The gate electrodes 60 are covered with the interlayer insulation film 51 and insulated from the source electrode 80. The gate insulating film 50 and the interlayer insulation film 51 have contact holes. The source electrode 80 is formed inside the contact holes and on the interlayer insulation film 51. The source electrode 80 has ohmic contact with the body contact regions 33 and the source regions 23 via the first ohmic contact region 70 inside the contact holes.

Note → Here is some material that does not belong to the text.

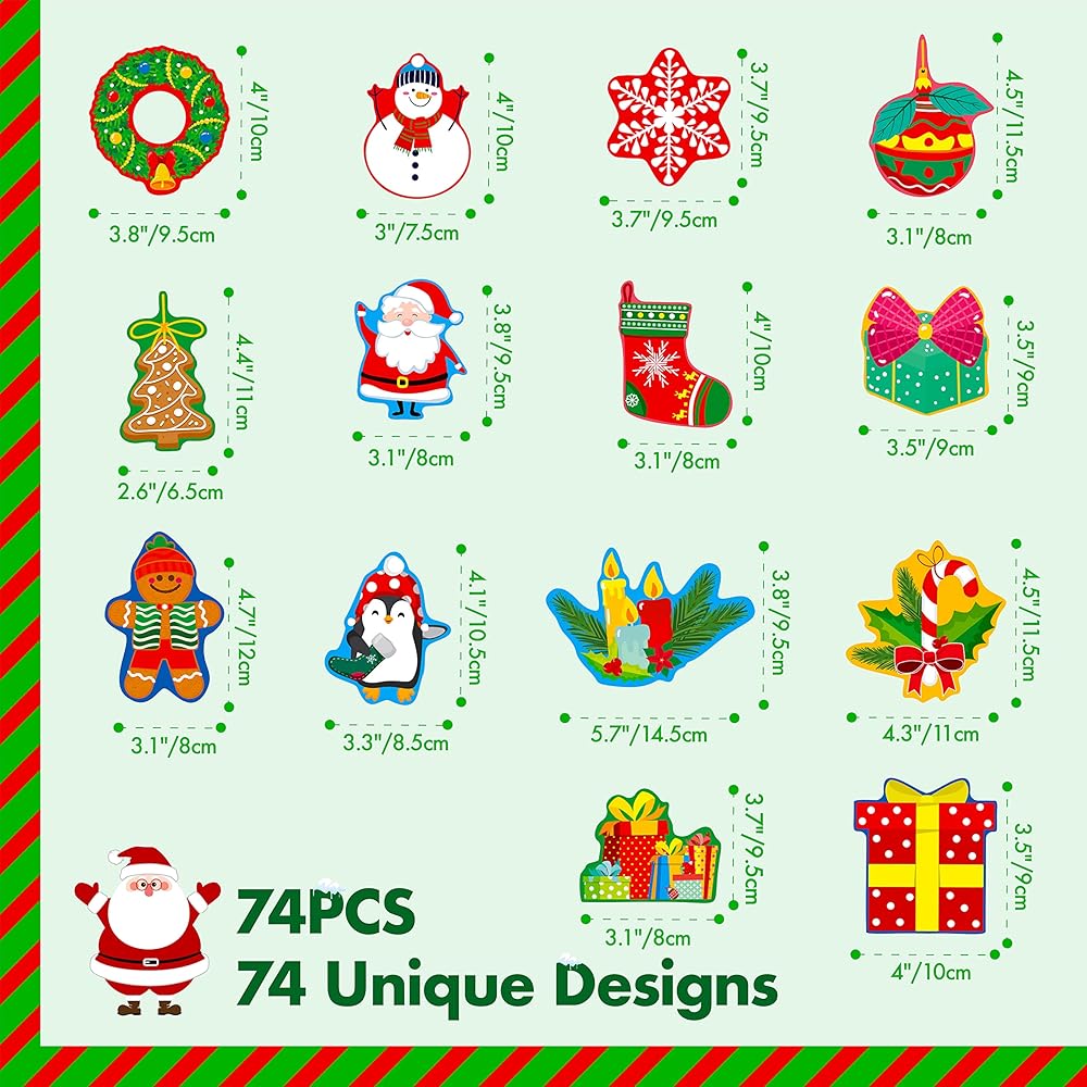 عبوة قيمة: تأتي مجموعة الديكور مع 74 قطعة من قطع عيد الميلاد بتصميمات متنوعة، وكمية كافية لتلبية احتياجات الديكور. توفر الزخارف الملونة والملفتة للنظر المزيد من الطاقة وتخلق جوًا قويًا لعطلة عيد الميلاد. أضف المزيد من المرح إلى حفلتك أو لوحة الإعلانات، وهي زينة ممتازة للعطلات من اختيارك.

Unlike in the SJ-SiC-MOSFET 101, the MOSFET region 91 of the SJ-SiC-MOSFET 102 does not include the trenches 55, the BPW regions 31, and the connection regions 34. The body regions 32 that have a relatively high concentration are directly connected to the second pillar regions 30. Intersections between the body regions 32 and the second pillar regions 30 make the intersecting regions 92. Thus, the surface resistance R_ptot in the path over which holes flow from the intersecting regions 92 to the source electrode 80 is suppressed to a low value. Accordingly, it is possible to achieve the effects of the technique according to the present disclosure to some extent without adding any special structure.

B-2. Manufacturing Method

A method of manufacturing the SJ-SiC-MOSFET 102 is almost similar to the method of manufacturing the SJ-SiC-MOSFET 101 described in Embodiment 1. Steps until the n-type epitaxial region is grown after the formation of the SJ region 90 on the silicon carbide substrate 10 are similar to those in Embodiment 1. Thereafter, the steps of forming the body regions 32, the JFET regions 22, the source region 23, and the body contact regions 33 by photolithography, ion implantation, and activation annealing are also similar to those in Embodiment 1, although the structure is different. The present method does not include the trench etching step and the steps of forming the BPW regions 31 and the connection regions 34. Thereafter, the high-quality gate insulating film 50 is formed by thermal oxidation. The subsequent steps are similar to those in Embodiment 1.

B-3. Variations

FIG. 33 is a perspective view of an SJ-SiC-MOSFET 102A according to a first variation of Embodiment 2. The SJ-SiC-MOSFET 102A differs from the SJ-SiC-MOSFET 102 in that the body contact regions 33 penetrate the body regions 32 and reach the SJ region 90. In this configuration, the body contact regions 33 also function as the connection regions 34 that connect the second pillar regions 30 and the body regions 32 according to Embodiment 1. Since the second pillar regions 30 and the body regions 32 are connected by the body contact regions 33 having a high p-type impurity concentration, it is possible to reduce the surface resistance R_ptot in the path over which holes flow from the second pillar regions 30 to the source electrode 80. As a result, an electric field applied to the gate insulating film 50 can be reduced.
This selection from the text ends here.